Above: our unforgettable repast began with a Webb and Farinas 1970-1998 Sherry, “Blended Fino and Baked Fino Solera,” one of the last bottles ever made by the University of California at Davis, Darrell told us.

Before I caught a plane back to San Diego the next morning, I managed to find a seat among the 800+ audience at Wine & Spirits ed-in-chief Josh Greene’s “State of the Industry” talk. Josh spoke of the new trend of younger sommeliers who are “hand-selling” once exotic international grape varieties to the Cabernet-Merlot-and-Chardonnay set.
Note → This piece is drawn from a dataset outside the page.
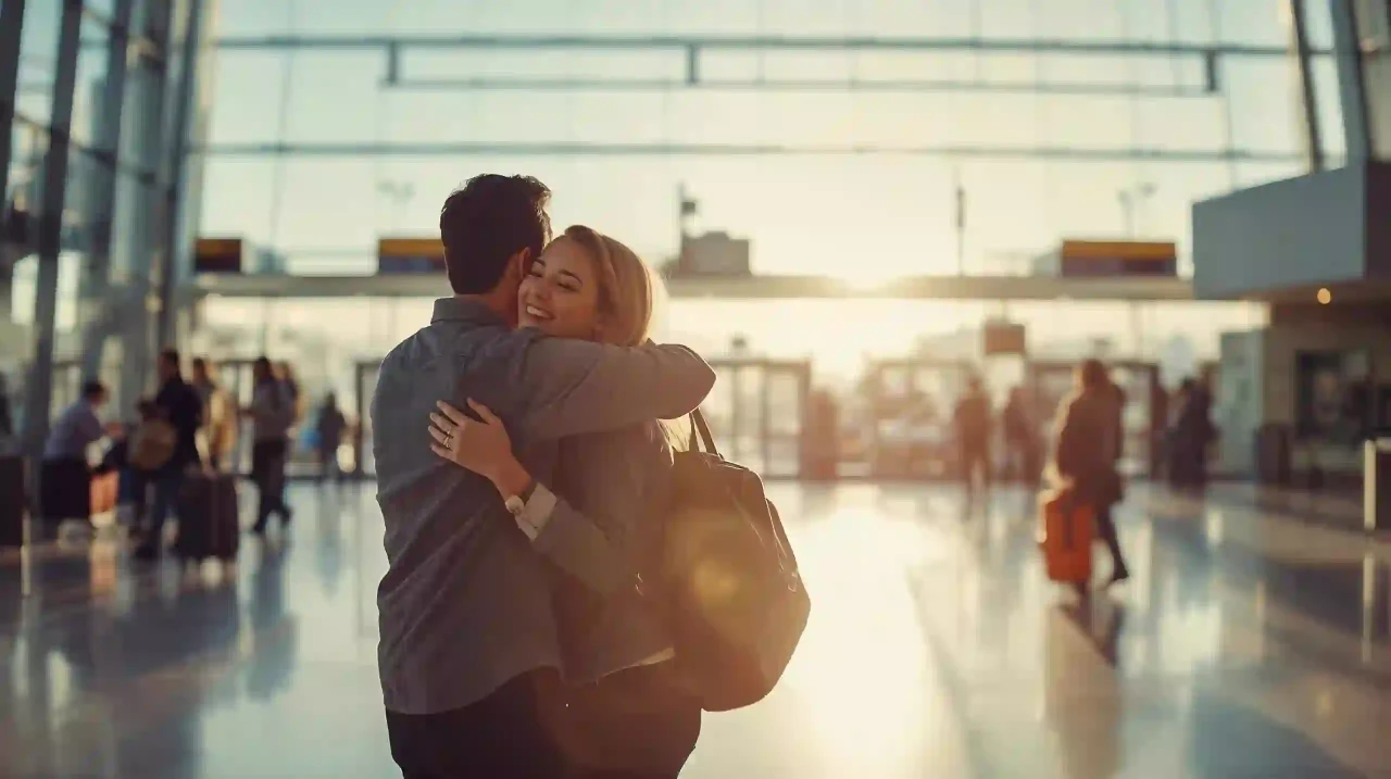 неглубокая резкость; пара обнимается после прилёта; чистый фон; без логотипов и без читаемых
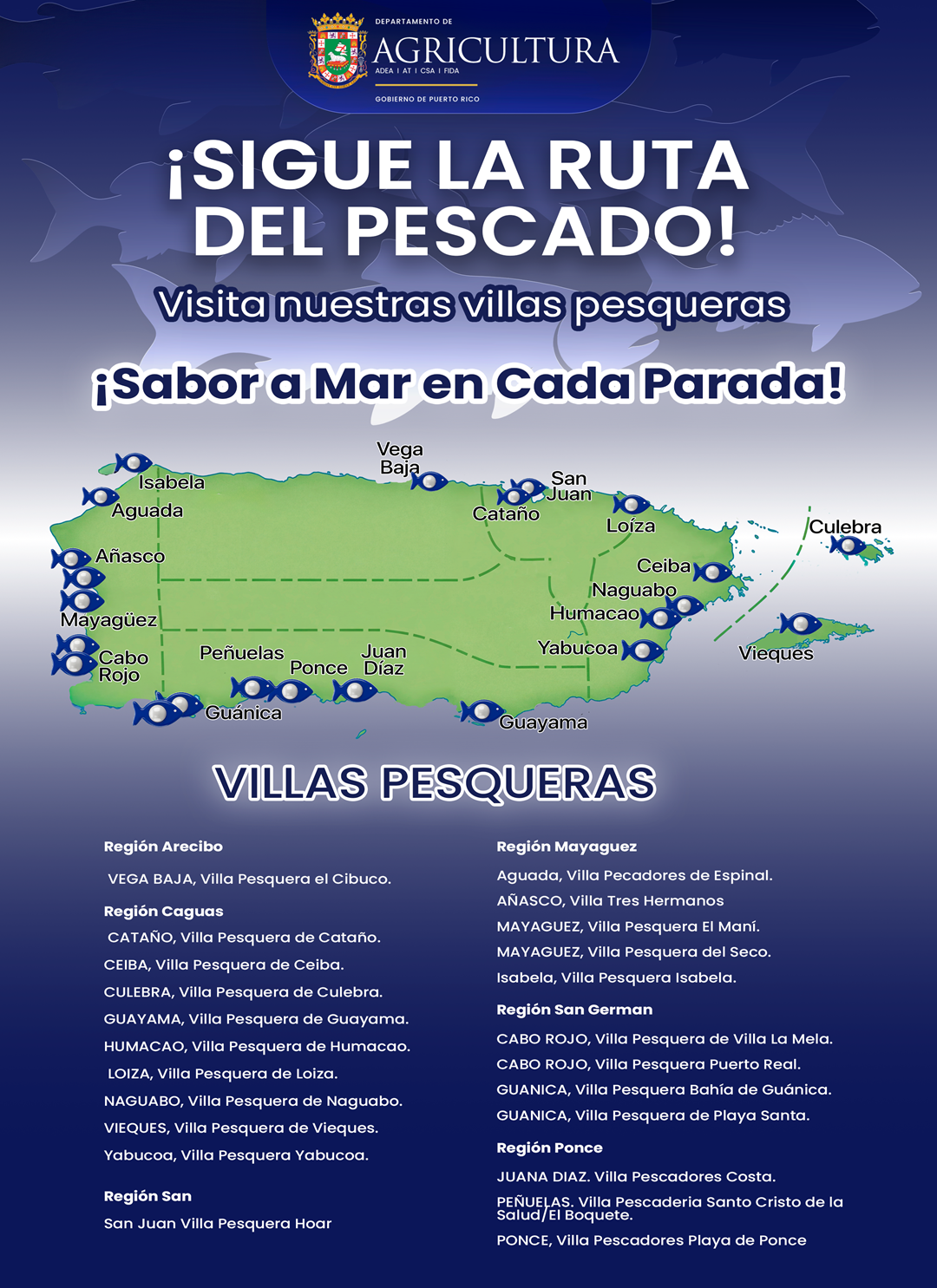 “Con esta iniciativa queremos invitar a nuestra gente a recorrer las villas pesqueras y conocer de primera mano el trabajo extraordinario que realizan nuestros pescadores. La Ruta del Pescado es una oportunidad para disfrutar pescado y marisco 100% fresco y local, al tiempo que respaldamos a las familias que viven de esta importante industria agrícola”, expresó el Agro. Irving Rodríguez Torres.

The Loire Valley, he said, represents the most alluring wine-producing region for this new generation of restaurant professionals. Naturally made, food-friendly wine from Italy and France, he told the group, is becoming more and more popular among America’s wine directors and he urged producers to consider natural winemaking.

“It’s a risky way to make wine,” he noted. “You can’t always make wine commercially like this, but there’s a growing market for it. The question is how to make a wine that’s balanced, has concentrated flavors, and a distinct expression of its place… and then figure out how to make money doing it,” he added, drawing a chuckle from the packed house.

Gauging from the positive reception of Josh’s excellent talk, there might be hope for Californian wine after all.

Click here to read Josh’s notes from his address.

Above: this 1986 Mount Pleasant Semillon from Darrell’s cellar blew me away. It was full of life, brilliant acidity, and vibrant minerality. But the show-stopper was a magnum of 1983 Cepparello by Isole e Olena, a great bottling of (pre-barrique) Sangiovese from a vintage overshadowed unjustly by 1985.

I loved the session title ““How to Have a Mostly Worry-Free Interaction with TTB Resources” (the TTB or Alcohol and Tobacco Tax and Trade Bureau regulates wine sales in the U.S.).

Grass-roots organizers were also in attendance.

I can’t reveal whose car this is (but I bet you can guess). I really dig the old-school blue California plates.

* On my way out, one of the waiters told me that the restaurant was named after the band The Waterboys, but I’m not sure I believe her.